Thailand has suspended the implementation of its 15% crypto capital gains tax. Although the proposal was made earlier in the year, it was met with opposition. However, some form of crypto tax will be continued to be implemented.
According to The Financial Times, Thailand is not going ahead with its 15% cryptocurrency tax plan because traders opposed it strongly. Tax officials stated that capital gains are taxable for those who earn profits from cryptocurrency mining or trading.
After witnessing a significant increase in cryptocurrency trading’s value and size in 2021, the Thai Revenue Department wanted to tighten its oversight. Industry stakeholders warn that taxation could hinder the sector’s future growth.
In January, the Thai Finance Ministry announced that it would tax crypto markets. However, this was considered to be difficult practice. It wasn’t clear, for instance, if taxes would be levied based on annual reports or if the government would force exchanges deduct them from the source.

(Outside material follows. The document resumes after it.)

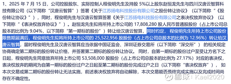 之前公告中双方约定,程俊明先生所持上市公司股份限售期届满后,程俊明先生拟将所持上市公司的25,522,956股股份(占上市公司总股本的比例为12.96%)转让给汉唐云智算(以下简称第二期标的股份)。
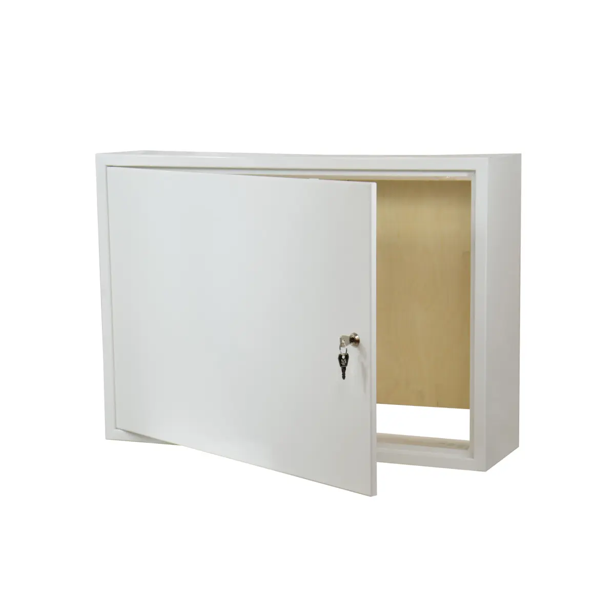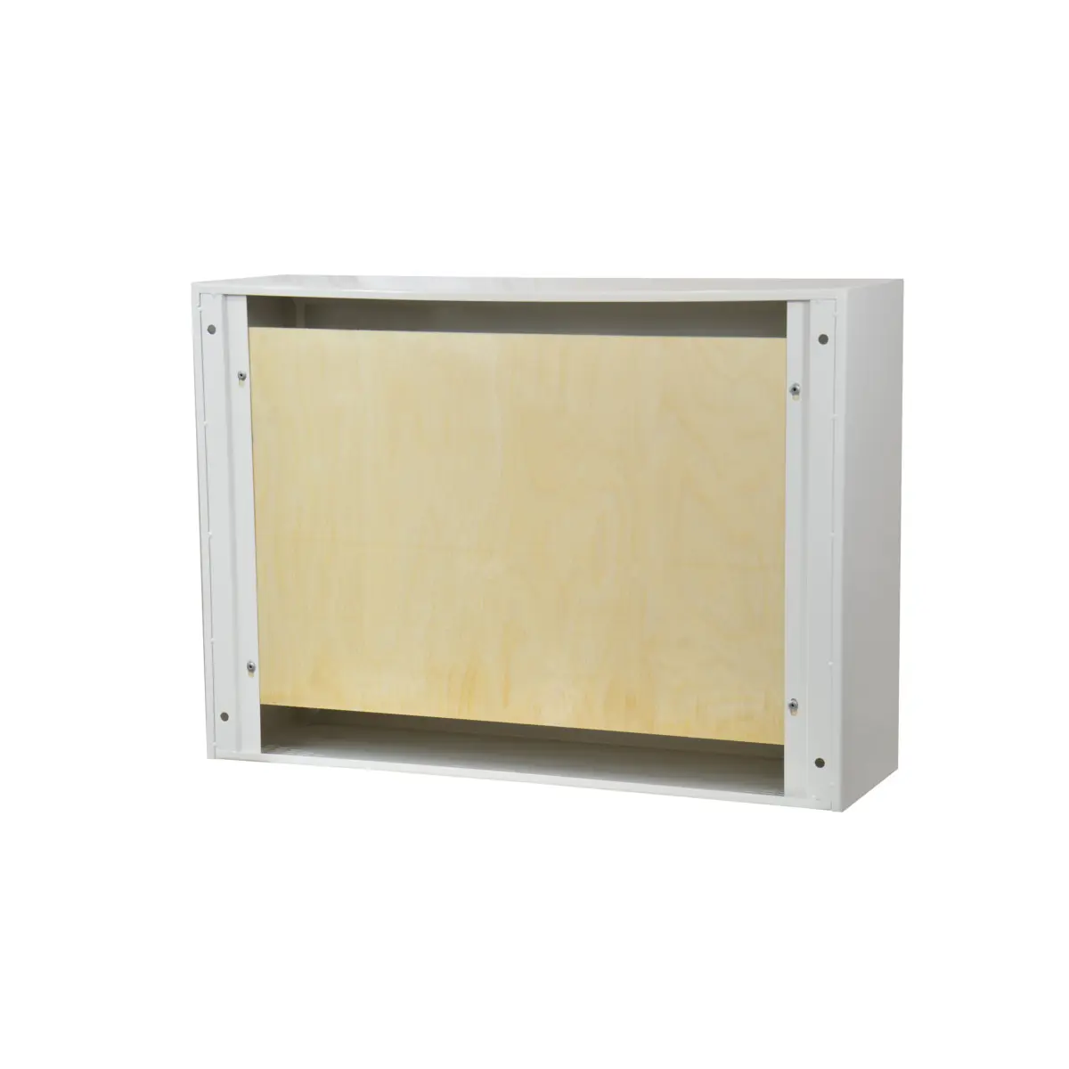 Szafka wykonana bez widocznych spawów (gładki front i boki szafki). Do zestawu dołączamy płytę montażową - solidny panel wykonany z wodoodpornej sklejki o grubości 6 mm. Montaż dodatkowej ścianki ze sklejki, zdecydowanie ułatwia dowolne zagospodarowanie wewnętrznej przestrzeni obudowy i zapewnia wygodną instalację urządzeń.

Related:Thailand will define the’redlines’ for crypto early 2022
The Bank of Thailand, Ministry of Finance and Securities and Exchange Commission announced last week that they would provide regulations for certain digital assets that are not in danger of the financial system.
Governments are focusing on cryptocurrency regulation in three areas: taxation, investor protection and anti-money laundering. The asset class has seen a substantial increase in adoption due to DeFi and NFTs in recent years.
Many countries, including South Korea, are considering taxing the cryptocurrency market. South Korea delayed its crypto tax plan to 2023 after much resistance.